Roxane présenta sa main au médecin, qui lui dit tout bas :

— Dieu vous garde, Mlle Monthy ! Puis, tout haut, il reprit : Au revoir, Mme Louvier !

En arrivant aux Peupliers Roxane fut immédiatement introduite dans la bibliothèque, où se tenait Yseult, Mme Champvert.

— Ah ! Vous êtes Mme Louvier, la nouvelle ménagère ?… Je vous attendais hier, dit Yseult.

— Il m’a été impossible de partir de chez moi avant aujourd’hui, répondit Roxane.

— Votre service commencera demain, reprit Yseult. Chaque matin, à huit heures, vous viendrez prendre mes ordres, que vous transmettrez ensuite au personnel. Vous avez compris ?

— Oui, Madame.

— C’est bien. Alors, suivez la servante qui vous a introduite ici ; elle vous conduira à votre chambre. Allez ! Votre service commencera dès sept heures du matin, chaque jour ; mais vous serez libre de disposer de votre temps à votre guise après six heures du soir.

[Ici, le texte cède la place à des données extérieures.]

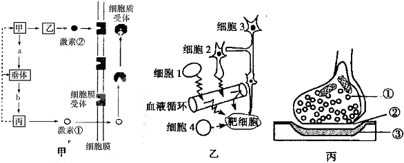图甲所示的调节过程是人体稳态的重要组成部分,图乙为细胞间信息传递的几种模式示意图,图丙是图乙局部结构的放大图。甲~丙表示器官,a、b表示激素或大分子物质。请回答下列问题:
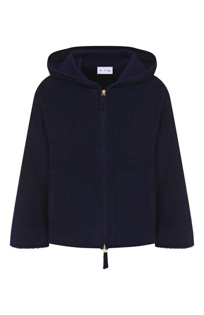 Для изготовления укороченного кардигана с рукавами 3/4 использовали махровый трикотаж из органического хлопка, кашемира и фирменного лиоцелла SeaCell, полученный из бурых морских водорослей. Модель с капюшоном и боковыми карманами застегивается встречной молнией.
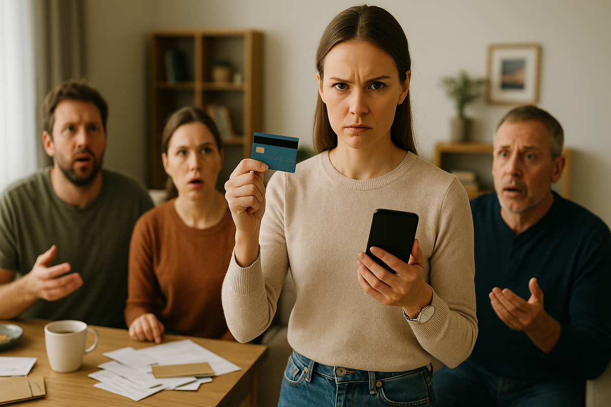 Лера стояла на кухне и слышала каждое слово. Никаких заказов торта из семейного бюджета не планировалось. Значит, покупка была сделана на ее карту без уведомления.
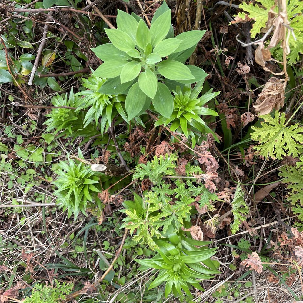 4.今年も姿を現したスカシユリ。アルストロメリアは常緑だが東の株はやや数を減らしたように見える。
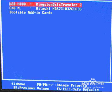 然后选择第一项,然后用“+”“-”来选择,要把U盘选在上面

À ce moment, le notaire Champvert entra dans la bibliothèque et Roxane ne put s’empêcher de trembler un peu. Si cet homme allait la reconnaître ! Mais non ; Champvert jeta sur la jeune fille un regard distrait et c’est tout.

— C’est Mme Louvier, la nouvelle ménagère, dit Yseult.

Champvert inclina seulement la tête et Roxane quitta la bibliothèque aussitôt. Mais dans le corridor de l’aile gauche, elle se trouva en face de Mme Dussol, et, encore une fois, elle craignit d’être reconnue. La mère d’Yseult sourit, en apercevant la jeune fille et elle dit :

— Vous êtes Mme Louvier, la nouvelle ménagère, sans doute ?

— Oui, Madame, répondit Roxane.

— J’espère que vous vous plairez, ici dit Mme Dussol.

— Merci, Madame !

Une chambre assez spacieuse avait été mise à la disposition de Roxane, qui, aussitôt seule, abaissa les stores, ferma les persiennes et enleva sa perruque et ses lunettes.

La fiancée de Hugues n’était pas sans comprendre les dangers de la situation dans laquelle elle s’était placée. Pourtant, étant fermement convaincue que le testament de M. de Vilnoble avait été volé et qu’il n’avait pas été détruit, elle était résolue de tout risquer pour le reconquérir. Roxane était presque sûre que le voleur de testament était le notaire Champvert (en cela on sait qu’elle ne se trompait pas) et elle espérait pouvoir rendre à Hugues ce qui lui appartenait de droit ; elle y réussirait, se disait-elle, avec l’aide de Dieu.